* Source data:
__________________________________________________

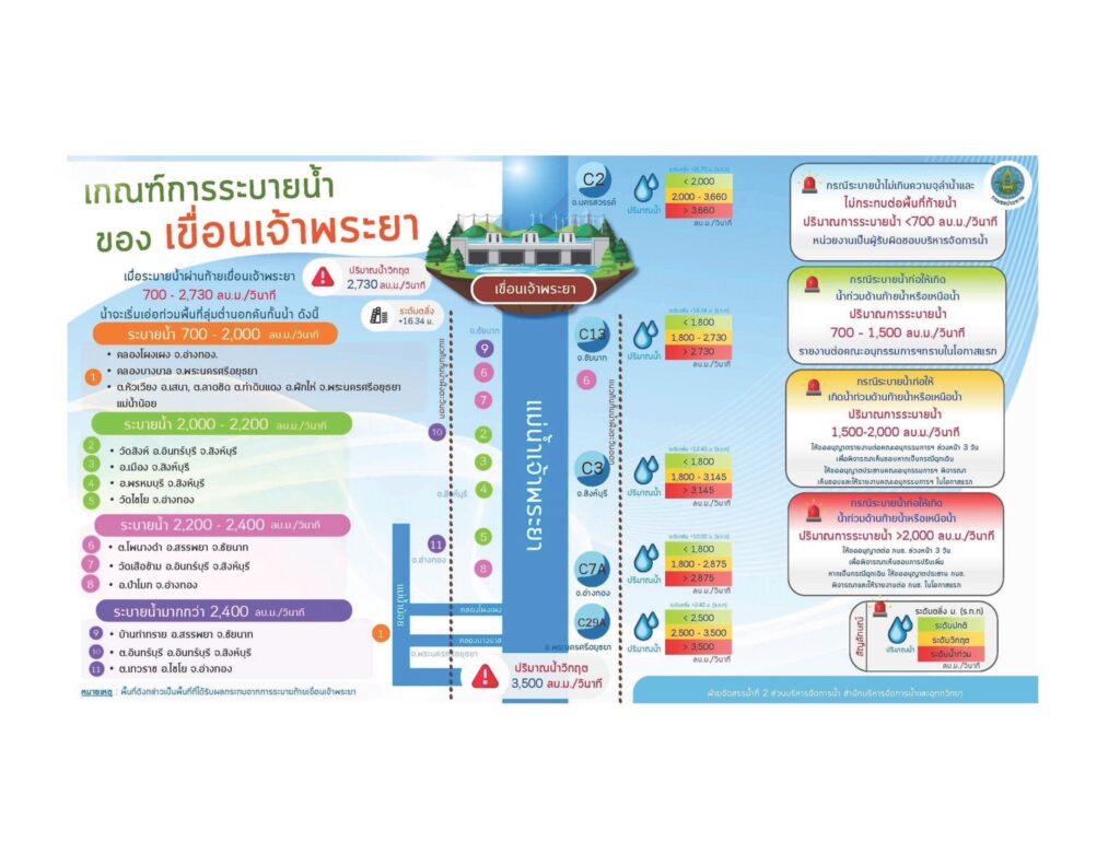 กองอำนวยการป้องกันและบรรเทาสาธารณภัยกลาง (กอปภ.ก.) จึงได้ประสาน 10 จังหวัดภาคกลาง ได้แก่ อุทัยธานี ชัยนาท สิงห์บุรี อ่างทอง สุพรรณบุรี พระนครศรีอยุธยา ลพบุรี ปทุมธานี นนทบุรี และสมุทรปราการ รวมถึงกรุงเทพมหานคร เฝ้าระวังติดตามสถานการณ์น้ำอย่างใกล้ชิด โดยเฉพาะพื้นที่ลุ่มต่ำนอกคันกั้นน้ำ พร้อมประชาสัมพันธ์แจ้งเตือนหน่วยงานที่เกี่ยวข้อง ภาคเอกชนที่ประกอบกิจการในแม่น้ำ อาทิ งานก่อสร้างเขื่อนป้องกันตลิ่ง แพร้านอาหาร ตลอดจนประชาสัมพันธ์แจ้งเตือนประชาชนที่อาศัยอยู่ริมสองฝั่งแม่น้ำเจ้าพระยา จุดเสี่ยงที่ลุ่มต่ำริมแม่น้ำให้เฝ้าระวังระดับน้ำที่เพิ่มสูงขึ้นและเตรียมพร้อมรับมือสถานการณ์น้ำ รวมถึงเตรียมพร้อมในการขนย้ายสิ่งของขึ้นที่สูงให้พ้นจาก แนวน้ำท่วม นอกจากนี้ ยังได้ประสานองค์กรปกครองส่วนท้องถิ่นและหน่วยงานที่เกี่ยวข้องในพื้นที่ ตรวจสอบแนวคันกั้นน้ำและแนวป้องกันน้ำท่วมให้มีความแข็งแรง เพื่อป้องกันระดับน้ำล้นข้ามแนวคันกั้นน้ำ อีกทั้งจัดเตรียมวัสดุอุปกรณ์ เครื่องจักรกลด้านสาธารณภัย เพื่อเตรียมความพร้อมปฏิบัติการให้ความช่วยเหลือประชาชนตลอด 24 ชั่วโมง
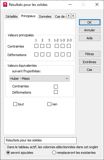 Les valeurs réduites sont indiquées suivant l'hypothèse choisie. La liste des hypothèses est disponible dans la partie inférieure de la boîte de dialogue. A l'heure actuelle, deux hypothèses sont accessibles :
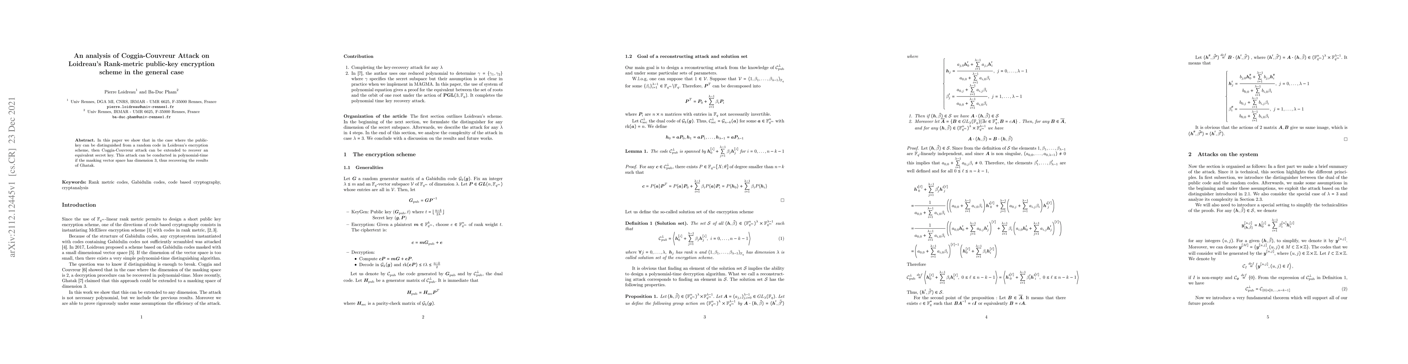 Summary: This paper demonstrates that the Coggia-Couvreur attack can be extended to recover an equivalent secret key in Loidreau's rank-metric public key encryption scheme when the public-key can be distinguished from a random code, and it can be executed in polynomial time when the dimension of the masking vector space is 3.
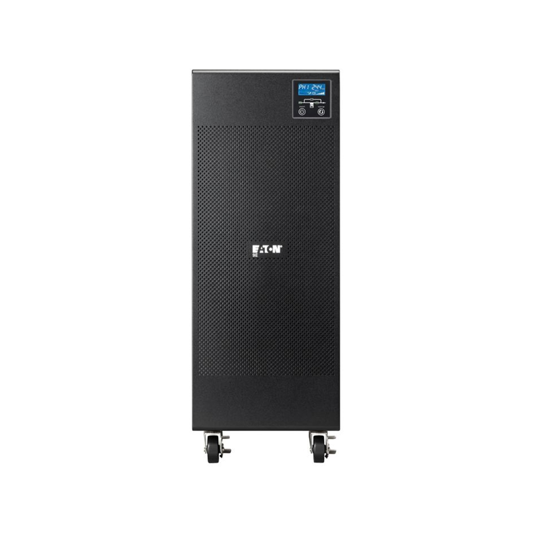 Источник бесперебойного питания, Eaton, 9E10Ki, Онлайн, Напольный, Фазы: 1:1 / 3:1, Мощность 10000ВА/8000Вт, Диапазон работы AVR: 176-276В (с возможностью регулировки до 100-276В), Бат.: 12В/9 Ач*20шт., Чистая синусойда, Клемная колодка, Smart, USB-B, RS232, SNMP слот, LCD, ABM, Цвет Чёрный

__________________________________________________

* Task requirements: With pictures excluded, restate word for word the lines from the one that contains "Summary: This paper" through the end of the material, inclusive, and nothing more.

* Exercise result:
 Summary: This paper demonstrates that the Coggia-Couvreur attack can be extended to recover an equivalent secret key in Loidreau's rank-metric public key encryption scheme when the public-key can be distinguished from a random code, and it can be executed in polynomial time when the dimension of the masking vector space is 3.
 Источник бесперебойного питания, Eaton, 9E10Ki, Онлайн, Напольный, Фазы: 1:1 / 3:1, Мощность 10000ВА/8000Вт, Диапазон работы AVR: 176-276В (с возможностью регулировки до 100-276В), Бат.: 12В/9 Ач*20шт., Чистая синусойда, Клемная колодка, Smart, USB-B, RS232, SNMP слот, LCD, ABM, Цвет Чёрный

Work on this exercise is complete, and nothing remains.